▶ **Data block**:

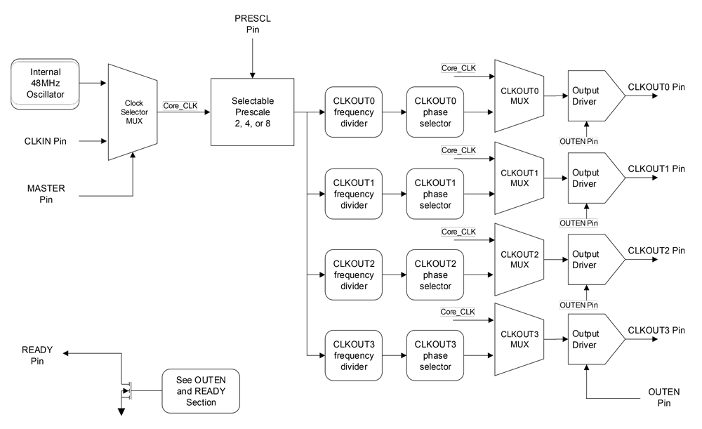 Configuration is supported via hardware selection pins or through an I²C/SMBus interface, offering both fixed and dynamic programmability to meet a range of design needs.
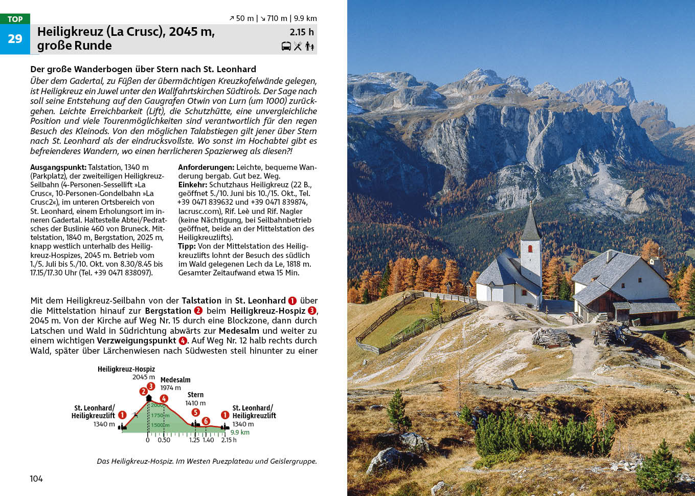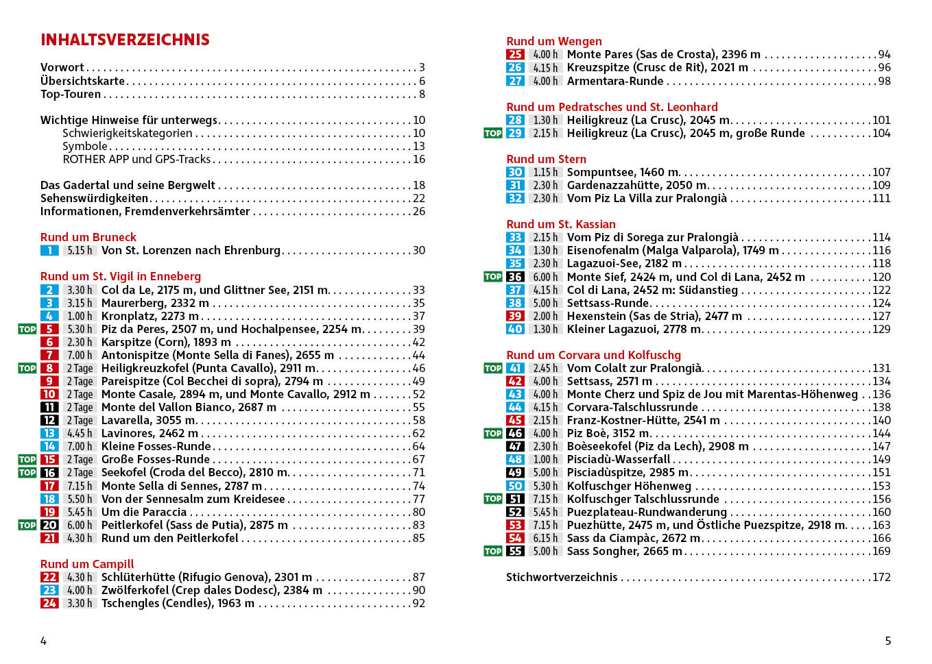 Fanes und Sennes sowie die großartigen Dolomitstöcke von Sella, Puez und Peitlerkofel umgeben das Gadertal. Einladende Erholungsorte, wie Pedratsches, St. Kassian, Corvara und Kolfuschg, sind beste Ausgangspunkte für Wandertouren. Der Heiligkreuzkofel bietet atemberaubende Tiefblicke ins Gadertal. Mit dem Piz Boé, dem höchsten Punkt der Sella, besteigt man einen Dreitausender mit herr-lichem Panorama. Entspannende Tage, fern von Trubel und Hektik, erlebt man im Campilltal und im schmucken Sonnendorf Wengen.
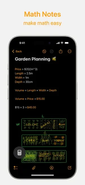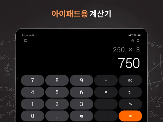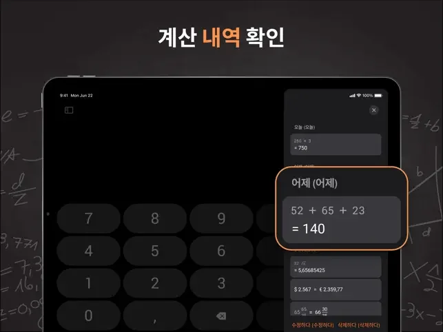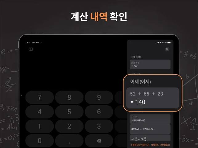 iPad에서 수식을 입력하거나 Apple Pencil로 쓰고 등호를 입력하면 수학 메모가 곧바로 해당 표현식을 인라인으로 풀어줍니다. 수학 메모는 기본 및 공학용 계산기와 동일한 기능을 지원하며, 단위 변환 및 수식 세로 쓰기와 같은 기능도 제공합니다.
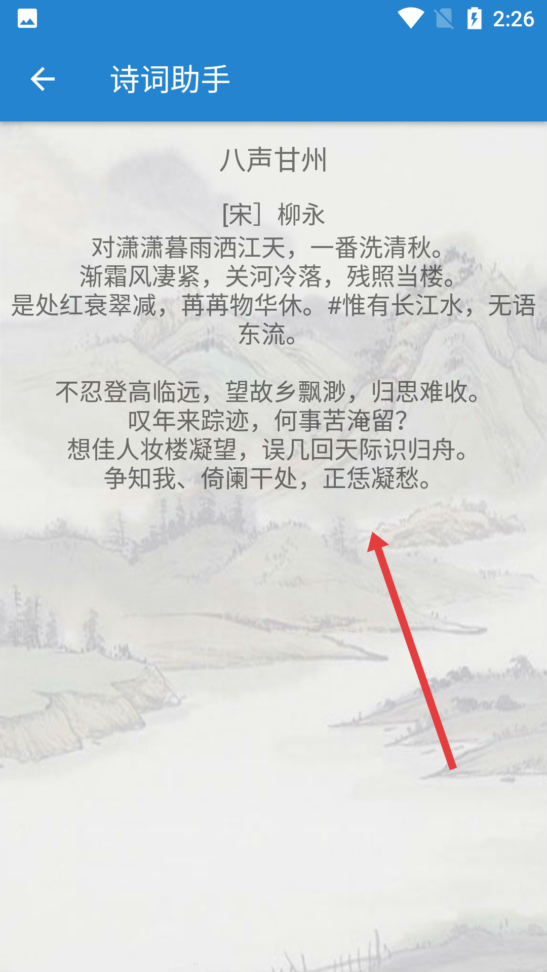 4、学习工具配套完善:内置诗词中生僻字词的注释与读音标注,支持进行全文朗读。

▶ **What to work on**:
Please retype the whole listing above exactly, without any of its images.

▶ **Task result**:
 Configuration is supported via hardware selection pins or through an I²C/SMBus interface, offering both fixed and dynamic programmability to meet a range of design needs.
 Fanes und Sennes sowie die großartigen Dolomitstöcke von Sella, Puez und Peitlerkofel umgeben das Gadertal. Einladende Erholungsorte, wie Pedratsches, St. Kassian, Corvara und Kolfuschg, sind beste Ausgangspunkte für Wandertouren. Der Heiligkreuzkofel bietet atemberaubende Tiefblicke ins Gadertal. Mit dem Piz Boé, dem höchsten Punkt der Sella, besteigt man einen Dreitausender mit herr-lichem Panorama. Entspannende Tage, fern von Trubel und Hektik, erlebt man im Campilltal und im schmucken Sonnendorf Wengen.
 iPad에서 수식을 입력하거나 Apple Pencil로 쓰고 등호를 입력하면 수학 메모가 곧바로 해당 표현식을 인라인으로 풀어줍니다. 수학 메모는 기본 및 공학용 계산기와 동일한 기능을 지원하며, 단위 변환 및 수식 세로 쓰기와 같은 기능도 제공합니다.
 4、学习工具配套完善:内置诗词中生僻字词的注释与读音标注,支持进行全文朗读。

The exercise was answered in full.